Both Claude Code and IBM Bob have skills to automate this workflow:

  • Claude Code: Use /update-vllm <version> (defined in .claude/skills/update-vllm/)
  • IBM Bob: The update-vllm skill (defined in .bob/skills/update-vllm/) is automatically activated when you request a vLLM update in Advanced mode

Both skills reference the detailed procedure in vllm-update-procedure.md. You can also follow this procedure manually if needed.

To update the version of vLLM used by the plugin, the pyproject.toml needs to be updated in two places:

  1. tool.uv.sources.vllm
  2. project.dependencies

Note

We specify the source tag for vLLM here because we generally need to install vLLM from source to avoid pulling in the precompiled cuda kernels and cuda dependencies.

Once the pyproject.toml is updated, the lockfile needs to be updated as well. The simplest way to do that is to run uv sync. More information about uv locking can be found in the uv docs.
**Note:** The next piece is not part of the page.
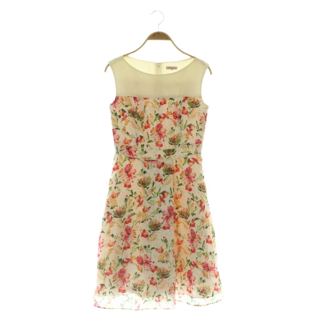 花柄 切替 ノースリーブ ワンピース

Now that the pyproject.toml and uv.lock files are upgraded, the default set of test suites will run with the new version of vLLM, and you can move on to fixing the failures.

Adding forward compatibility

When updating sendnn-inference code for a new version of vLLM, it's important to ensure that the code remains backwards compatible with older releases. This usually means conditionally adding new method arguments or new dataclass fields. We provide two utilities in compat_utils to make this easy to do.

For example:

# Only pass the `c` argument if the `foo` function accepts it
kwargs = {"c": some_value} if has_argument(foo, "c") else {}

foo(a, b, **kwargs)

Whenever code like this is added, we always make sure to add a test that will begin failing once the lowest supported vLLM version no longer requires the backwards compatibility. This allows us to clean up the code on the go as we drop older vLLM support. See examples of compatibility tests here.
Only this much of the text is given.